Landscape visiting scholars

Over the last 10 years, more than 20 visiting professors have come to the MSU Landscape Architecture Program to spend six to 12 months working with LA faculty and experiencing the United States.

Photo of Professor Joanne Westphal at the CELA Conference in Beijing, China 2017, with Dr. Chong Qing Liu and Dr. Chong Qing.
Professor Joanne Westphal at the CELA Conference in Beijing, China 2017, with Dr. Chong Qing Liu (Jiangxi Agricultural University in Nanchang) and Dr. Chong Qing (China Agricultural University in Beijing), two visiting scholars who had been each at MSU for a year studying with Professor Burley.

International perspectives, cooperation, and engagement have been important to me since I was a six-year-old boy living in Canada, when my mother’s friends were Americans at the University of Alberta who either traveled to Africa to study people and animals, or who played music in concerts around the world. In high school, I had friends from India, Pakistan, United Kingdom, Malaysia, and Japan.

Entering academia, I always envisioned a very active international atmosphere. But in the beginning, such activity was limited and timid. At the University of Minnesota, all of my (very capable and kind) landscape instructors were Caucasian men from Minnesota or Wisconsin.

The MSU Landscape Architecture Program fared a little better with international participation because of Tom Hazletts’s FASLA international aspirations, Professor Mezga’s collegial relationship with professors in Poland, Warren Rauhe’s professional activities with Turkish colleagues, and Dr. Westphal’s interactions with Swedish professors. In addition, a few international students from Japan, South Korea, and Ireland enrolled in the LA program at MSU. But starting in about 2005, the intensity and level of activity began to increase.

MSU is often recognized in world rankings as a top-100 university. Numerous American universities have such a distinction, and academics and administrators from around the world desire to learn and gain experience from such exceptional institutions.

Most of the prestige and position for which universities around the world are constantly scrambling comes from obtaining research grants and publications. In this age of electronic and digital information, universities can be compared and evaluated, and American universities in the Big Ten have done well.

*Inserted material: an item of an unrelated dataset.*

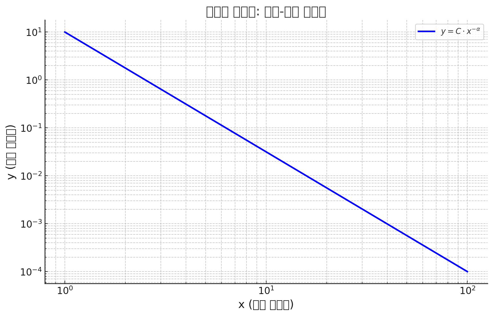 여기서 y는 빈도나 크기를 나타내고, x는 대상이 되는 변수입니다. C는 비례 상수, α는 멱지수로 불리는 지수입니다. 이 관계의 특징은 일부 큰 값이 매우 큰 영향을 미치는 반면, 작은 값들이 훨씬 더 많이 존재하는 것입니다. 예를 들어, 몇몇 부유한 사람들이 전체 부의 상당 부분을 소유하고 있는 현상이나, 소수의 사이트가 인터넷에서 많은 링크를 받고 있는 현상 등이 여기에 해당합니다.
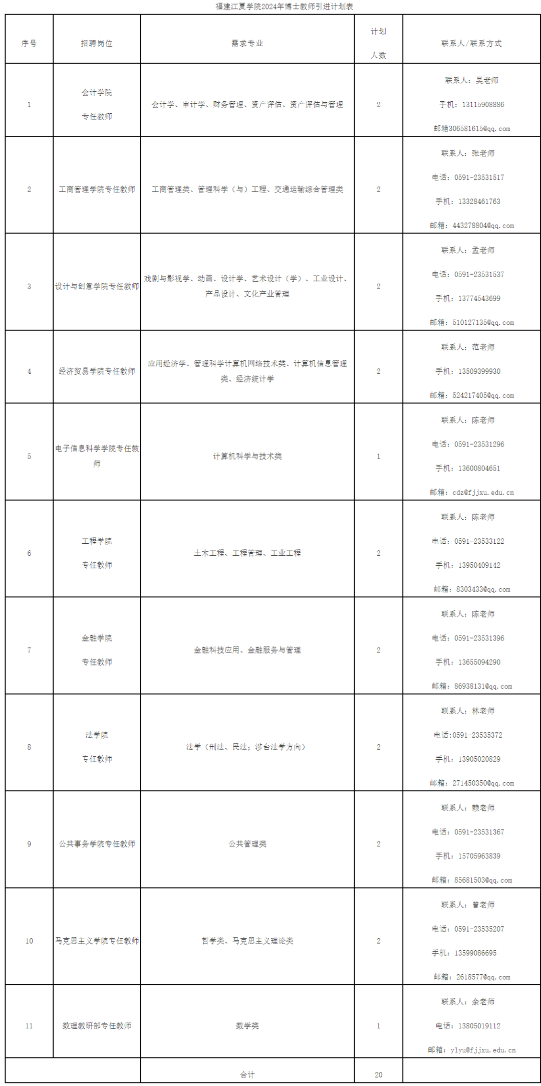 福建江夏学院是福建省人民政府举办的省属全日制普通本科高校。学校由福建经济管理干部学院、福建财会管理干部学院、福建省政法管理干部学院、福建金融职业技术学院合并组建,于2010年3月经教育部批准正式建立,办学历史可追溯到1957年。校园规划面积1388.4亩,主校区坐落于福州地区大学城。根据学院发展需要,拟在人员控制总量内向社会公开招聘高层次人才20名。根据《福建省省属事业单位公开招聘工作人员考试暂行办法》的规定,制定具体方案如下:1.具有中华人民共和国国籍,拥护中国共产党的领导,热爱社会主义,遵纪守法,品行端正。2.身心健康,符合我省现行的教师资格申请人员体检标准。3.年龄要求:原则上教授年龄要求为18周岁以上、45周岁及以下(1978年1月至2006年1月期间出生),副教授年龄要求为18周岁以上、40周岁及以下(1983年1月至2006年1月期间出生),博士研究生报考者年龄要求为18周岁以上、35周岁及以下(1988年1月至2006年1月期间出生)。4.招聘岗位均要求具有博士研究生学历学位。取得境外学历学位报考者应提供教育部留学服务中心出具的学历学位认证书。学历学位认证书等各项资格认定证书落款时间截止为2024年12月31日。

Over the last 10 years, more than 20 visiting professors have come to the MSU Landscape Architecture Program to spend 6 to 12 months working with LA faculty and experiencing the United States. The visiting scholars have come primarily from China, with others from Turkey and Japan. In addition, there are frequent visits to the MSU LA Program from faculty in France and Portugal.

Visiting scholars are impressed with the international composition of the School of Planning, Design and Construction. The school has professors from Australia, South Korea, Turkey, India, China, South America, and Egypt.

Many universities around the world are not truly internationalized, employing mostly professors from their own countries. It may be difficult for some nations to use its tax revenues to fund a position held by someone from another country, and so academic positions are a little bit like internal employment opportunities for smart, talented people. Not everywhere is like that, but comparatively speaking, American universities are much more diverse.

Compared to LA programs around the world, I believe that Big Ten-affiliated LA programs are more focused on knowledge-building and research, especially for graduate students. Such university-wide attention has helped to keep many Big Ten schools in the top 100 rankings. According to the US News & World Report’s Best Global Universities for 2016, the top Big Ten universities rank as follows:

School                                     Rank
University of Michigan                  17

Northwestern University                25

University of Wisconsin                29

University of Minnesota                38

University of Maryland                  40

Ohio State University                   43

University of Illinois                      47

Penn State University                  56

Michigan State University            78

Rutgers University                       82

Purdue University                        90

This is an impressive showing among the 14 schools of the Big Ten—most countries do not have any of their universities in the top 100, and the Big Ten has 11.

The LA program at MSU has a long history, and landscape architectural academics from around the world inquire about opportunities to collaborate in order to interact with our faculty and to learn more about teaching methods and conducting high quality research. Much of the MSU LA program may have been strongly focused on the State of Michigan in the 1960s and 1970s, but now it is the combined focus on the world and the State of Michigan together that enriches the academic atmosphere at MSU.